Interfacial Oxidation of Metals on Graphene

Abstract

In this work, we report the graphene-promoted formation of an interfacial oxide layer when certain metals are deposited on graphene. We probe interfacial oxide formation through the observation that several metals, when 10–12 nm in thickness and deposited on graphene on a transparent substrate, show a change in optical contrast compared to that in areas where the metal directly contacts the substrate. Aluminum shows this effect, while platinum and nickel do not exhibit such a pronounced optical contrast change. To understand this phenomenon, we characterize the Al-graphene, Ti-graphene, and Ni-graphene interfaces using techniques including X-ray photoelectron spectroscopy depth profiling, X-ray reflectivity, and Raman spectroscopy. These techniques show the presence of oxide at the buried metal–graphene interface for the cases of aluminum and titanium deposition, and we discuss how this explains the change in optical contrast. We show that this process is sensitive to the background vacuum level during deposition. In the case of nickel, we did not observe the presence of an oxide. Building upon these findings, we propose structures for Al-graphene, Ti-graphene, and Ni-graphene interfaces.

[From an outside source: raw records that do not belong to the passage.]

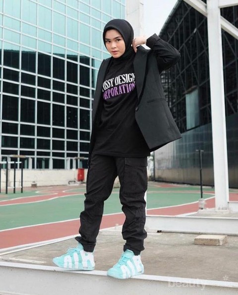Nah, yang terakhir adalah celana cargo. Ladies bisa padukan celana cargo warna hitam dengan atasan kaos dan blazer yang juga warna hitam. Nah, biar kelihatannya lebih kece, ladies bisa pakai kaos yang punya tulisan di bagian depannya. Ini dilakukan untuk mengimbangi setelah polosnya ya ladies. Biar tambah klop, tinggal kenakan sneakers warna cerah kayak Sivia Azizah ini nih.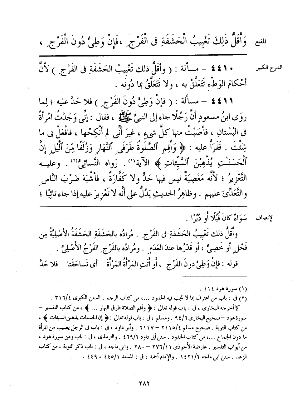 وأَقَلُّ ذلك تَغْيِيبُ الحَشَفَةِ فى الفَرْجِ. مُرادُه بالحَشَفَةِ الحَشَفَةُ الأصْلِيَّةُ مِن فَحْلٍ أو خَصِىٍّ، أو قَدْرُها عندَ العَدَمِ. ومُرادُه بالفَرْجِ الفَرْجُ الأَصْلِىُّ.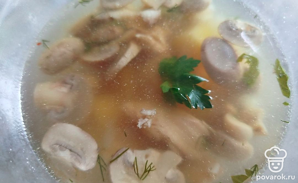 Ароматный грибной суп готов. Подавайте на обед. Приятного аппетита!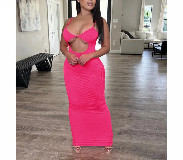(Rose)2022 Styles Women Sexy Spring&Winter TikTok&Instagram Styles Cut Out Strap Maxi DressSKU: #CF79005-6

We propose a model based on the metal work function and interaction with graphene that can guide the metals for which interfacial oxidation is to be expected, and we discuss the role of the deposition conditions in controlling the extent of oxide formation. These observations provide important implications for various devices using graphene as either the channel or the contact. Depending on whether a metal–graphene interfacial oxide is desirable and its functionality, these findings will afford guidance for their fabrications in the future.